_EXERCISE DIRECTIONS_
The records are set out below this line. Return exactly the lines from the one containing "Recently, the research" through the last, and exclude the pictures.

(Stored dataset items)
====================

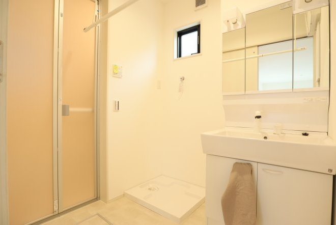 換気が可能な嬉しい小窓付き!三面鏡の裏側は収納スペースとなっているため、洗面まわりの小物を収納するのにちょうど良く見た目もすっきりします。また、様々な角度からヘアスタイルの確認ができるのも三面鏡が付いている洗面化粧台のメリットです。
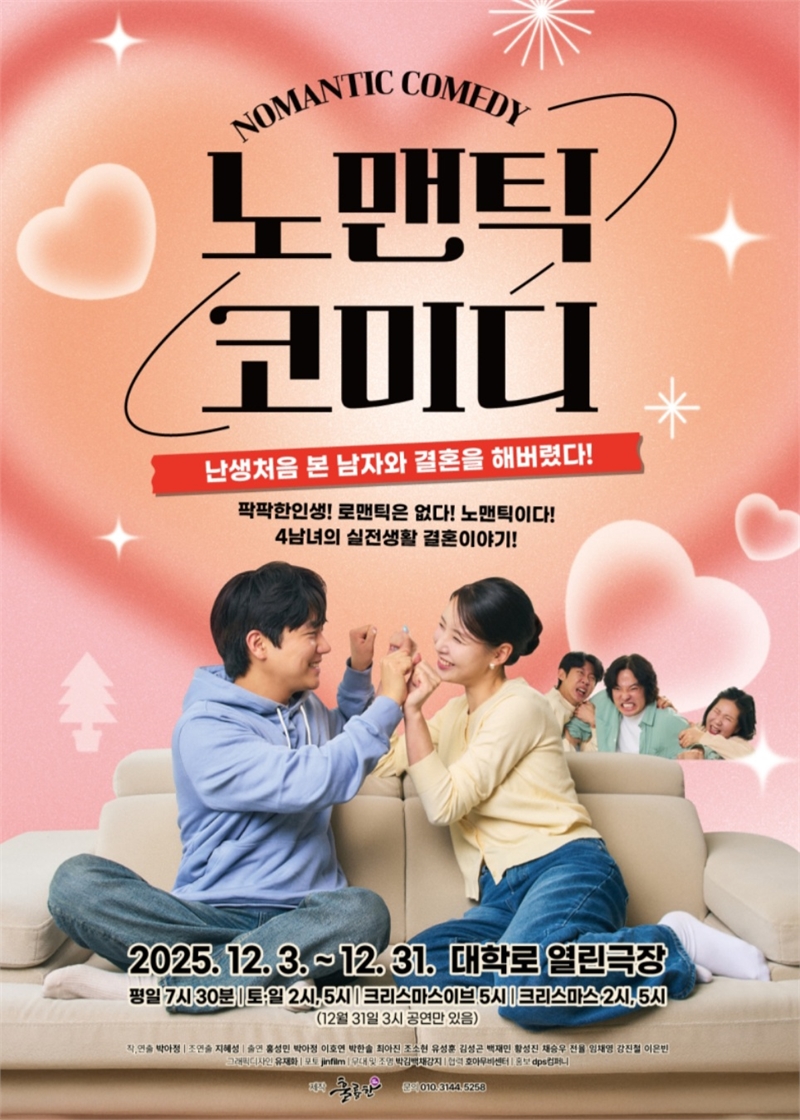 [조중동e뉴스=김혜빈 기자] - 12월3일~12월31일,요즘 세태 묘사 "난생처음 만난 남자와 결혼을 해버렸다!" 이 황당한 슬로건을 걸고 대학로 창작연극의 대표주자 artcrew 훌륭한이 로맨틱이 아닌 노-맨틱 코미디라는 제목으로 12월 따뜻한 선물처럼 찾아온다.연극 오백에 삼십, 보물찾기, 나의 장례식, 아동극의
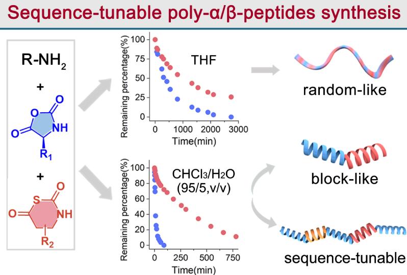 Recently, the research group of Professor Liu Runhui from School of Materials Science and Engineering, ECUST has made breakthrough achievements in the research field of α/β-polypeptide synthesis. The research article was published in iScience under the title of “Synthesis of Poly-α/β-peptides with Tunable Sequence Via the Copolymerization on N-carboxyanhydride and N-thiocarboxyanhydride”.
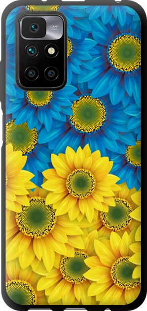 Чохол tpu чорний патріотичний на телефон Xiaomi Redmi 10 Жовто-блакитні квіти "1048b-2488-58250"
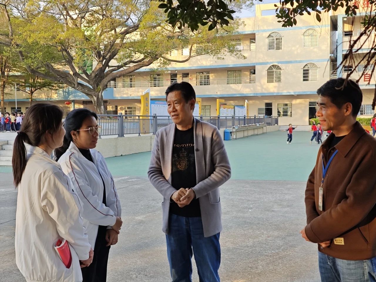 12月5日,为进一步了解小学教育专业见习学生的教学情况,切实关心和帮助教师教育学院见习学生成长成才,yabo鸭脖官网教师教育学院院长王金道教授、副院长谭建生教授、张博教授、学院党总支副书记许娜同志与年级副主任江庆基老师一行来到四会市东城街道黄岗小学走访交流。
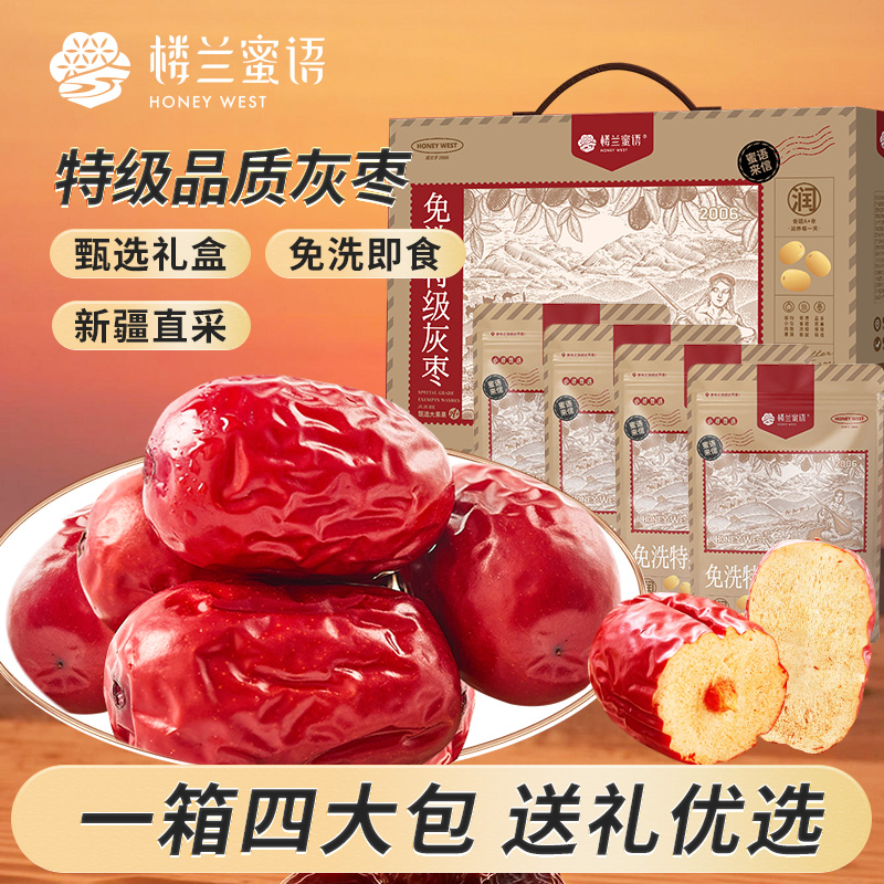 楼兰蜜语红枣特级新疆特产2000g礼盒,精选优质灰枣,免洗直接食用,品质。新疆特产,送礼佳选。
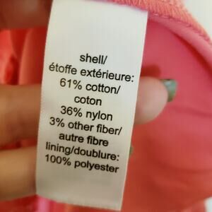 61% cotton 36% nylon 3% other liner polyester
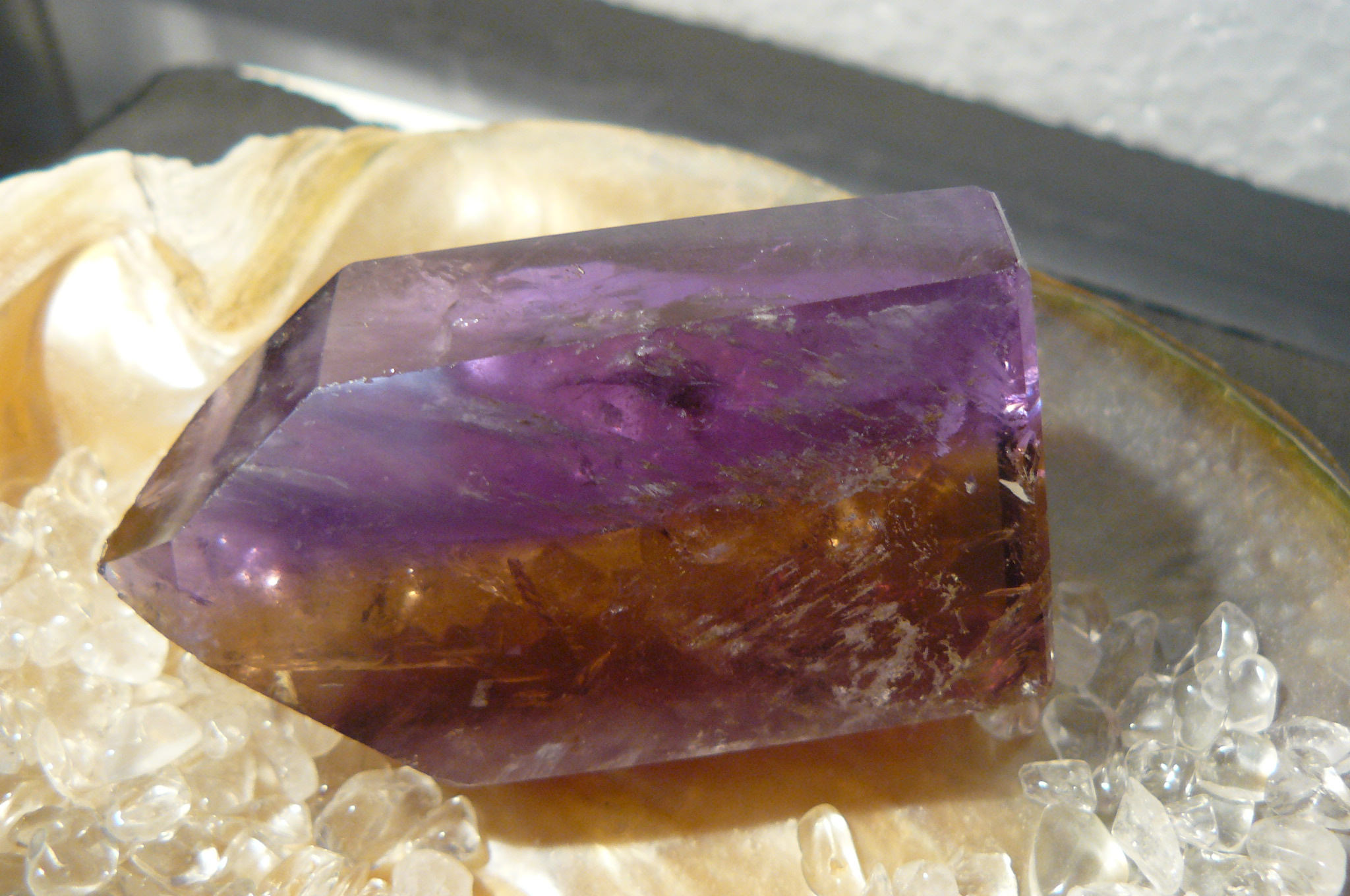 Die Form dieses Ametrins ist sicher nicht natürlich. Quarze wachsen am schnellsten in der Z-Achse (geht durch die Spitze). Es ist aber nicht möglich, dass Kristallquarze natürlich so zoniert wachsen.

====================

_RESULT OF THE EXERCISE_
 Recently, the research group of Professor Liu Runhui from School of Materials Science and Engineering, ECUST has made breakthrough achievements in the research field of α/β-polypeptide synthesis. The research article was published in iScience under the title of “Synthesis of Poly-α/β-peptides with Tunable Sequence Via the Copolymerization on N-carboxyanhydride and N-thiocarboxyanhydride”.
 Чохол tpu чорний патріотичний на телефон Xiaomi Redmi 10 Жовто-блакитні квіти "1048b-2488-58250"
 12月5日,为进一步了解小学教育专业见习学生的教学情况,切实关心和帮助教师教育学院见习学生成长成才,yabo鸭脖官网教师教育学院院长王金道教授、副院长谭建生教授、张博教授、学院党总支副书记许娜同志与年级副主任江庆基老师一行来到四会市东城街道黄岗小学走访交流。
 楼兰蜜语红枣特级新疆特产2000g礼盒,精选优质灰枣,免洗直接食用,品质。新疆特产,送礼佳选。
 61% cotton 36% nylon 3% other liner polyester
 Die Form dieses Ametrins ist sicher nicht natürlich. Quarze wachsen am schnellsten in der Z-Achse (geht durch die Spitze). Es ist aber nicht möglich, dass Kristallquarze natürlich so zoniert wachsen.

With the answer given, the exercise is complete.